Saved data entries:

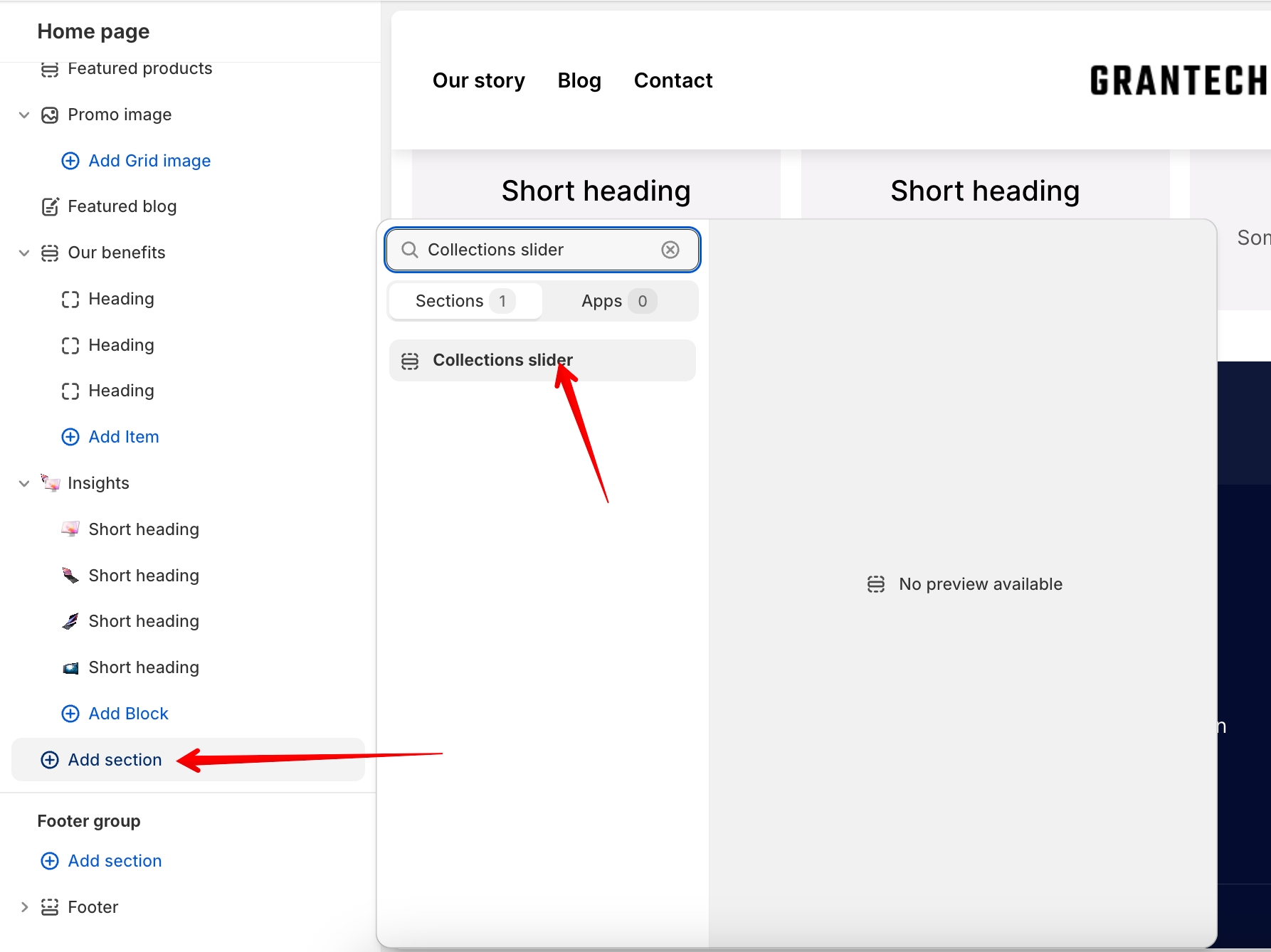 In this section, you can add blocks with collections.
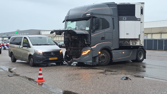 Vier gewonden bij botsing tussen bestelbus en vrachtwagen op terrein bloemenveiling De Kwakel
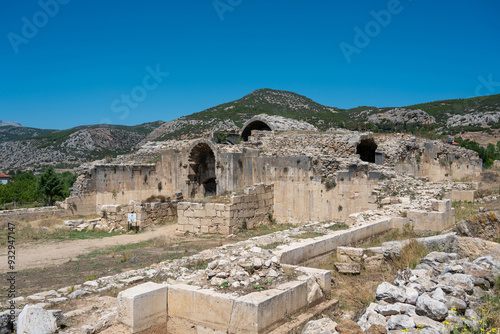 caravanserai, scenic, muslim, tour tourism, historical, building, panorama, destination, mediterranean, landscape, wall, travel, region, gate, arch, turkish, turkey, culture, blue, hill, stone, ancient, history, heritage, mediaeval, old, historic, eastern, art, sky, architecture, day, portal, landmark, entrance
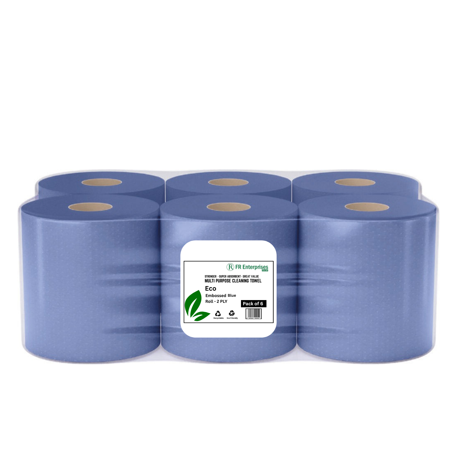 Premium blue centrefeed roll offering exceptional durability and absorbency—ideal for industrial or high-traffic areas with color-coded hygiene solutions.
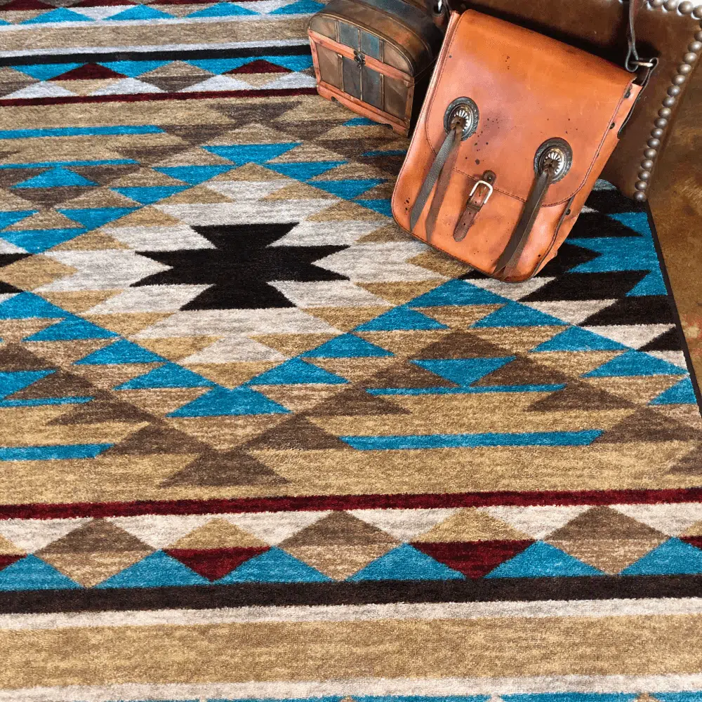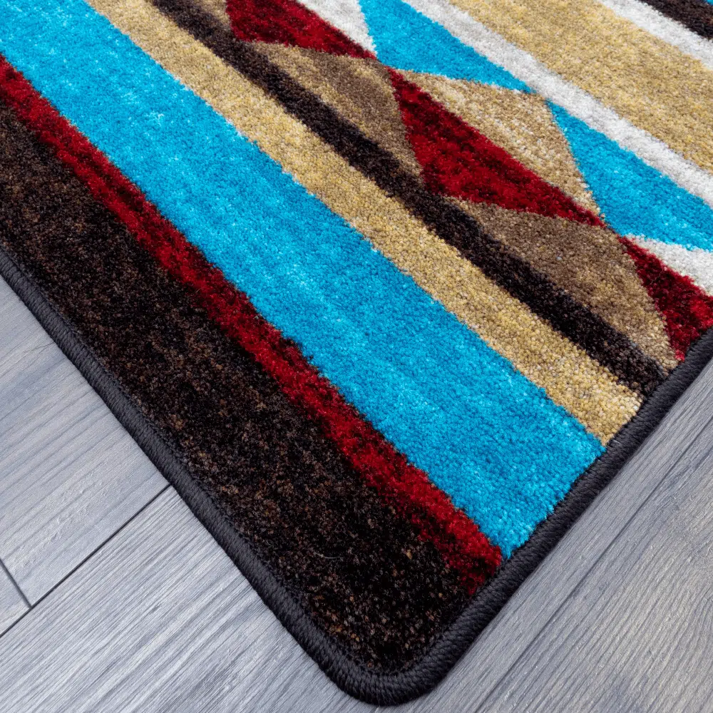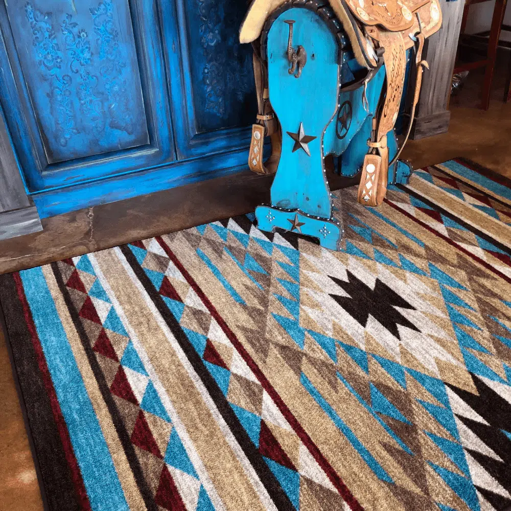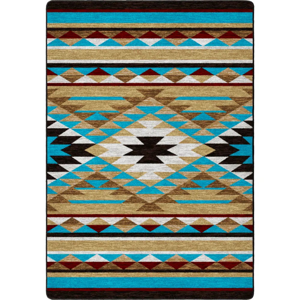 Electric blues and reds offset earthly beiges and browns in this beautiful southwest pattern, with repeating diamond motifs all around.
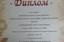 30 апреля 2020 года прошел муниципальный этап конкурса "Моя родословная". Ученица 3 класса Галимзянова Алиля Ильфаровна (руководитель Сафина Р.Р.) заняла 1 место. Поздравляем Адилю!
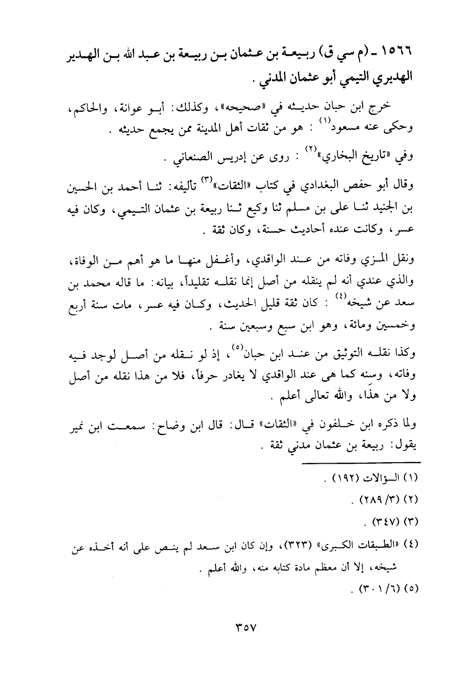 ولما ذكره ابن خلفون في «الثقات» قال: قال ابن وضاح: سمعت ابن نمير يقول: ربيعة بن عثمان مدني ثقة.
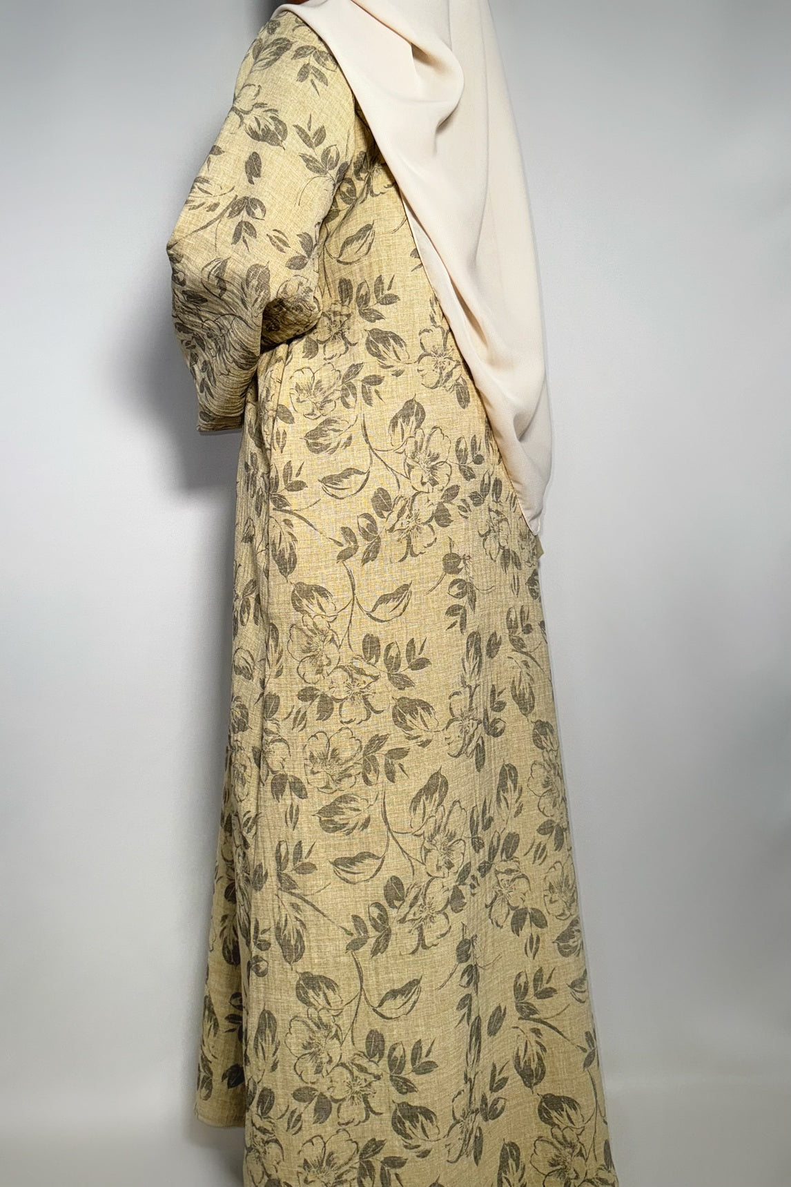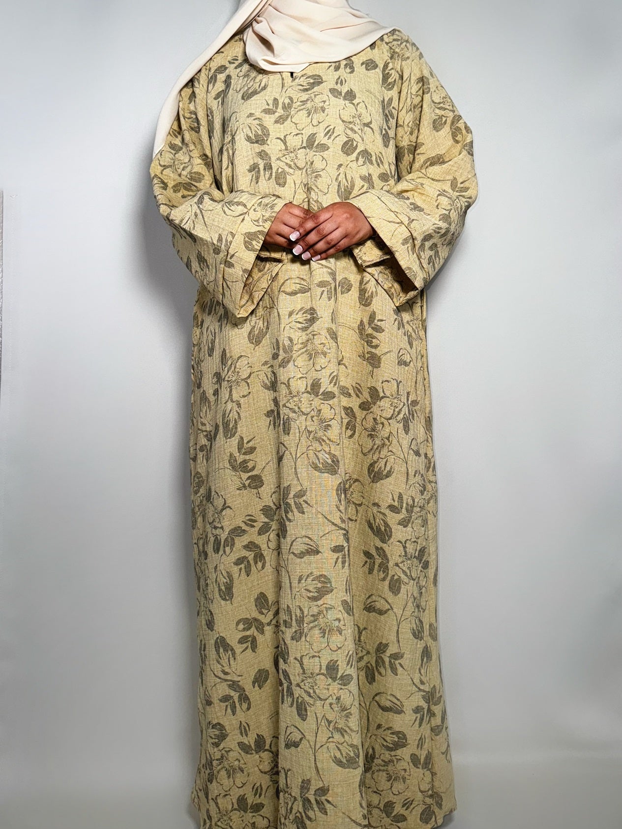 This closed linen abaya offers a straight fit and is designed with convenient pockets. It also features a beautiful floral print.

WHAT THE EXERCISE ASKS -
Reprint all the data above verbatim, excluding pictures.

COMPLETED TASK -
 In this section, you can add blocks with collections.
 Vier gewonden bij botsing tussen bestelbus en vrachtwagen op terrein bloemenveiling De Kwakel
 caravanserai, scenic, muslim, tour tourism, historical, building, panorama, destination, mediterranean, landscape, wall, travel, region, gate, arch, turkish, turkey, culture, blue, hill, stone, ancient, history, heritage, mediaeval, old, historic, eastern, art, sky, architecture, day, portal, landmark, entrance
 Premium blue centrefeed roll offering exceptional durability and absorbency—ideal for industrial or high-traffic areas with color-coded hygiene solutions.
 Electric blues and reds offset earthly beiges and browns in this beautiful southwest pattern, with repeating diamond motifs all around.
 30 апреля 2020 года прошел муниципальный этап конкурса "Моя родословная". Ученица 3 класса Галимзянова Алиля Ильфаровна (руководитель Сафина Р.Р.) заняла 1 место. Поздравляем Адилю!
 ولما ذكره ابن خلفون في «الثقات» قال: قال ابن وضاح: سمعت ابن نمير يقول: ربيعة بن عثمان مدني ثقة.
 This closed linen abaya offers a straight fit and is designed with convenient pockets. It also features a beautiful floral print.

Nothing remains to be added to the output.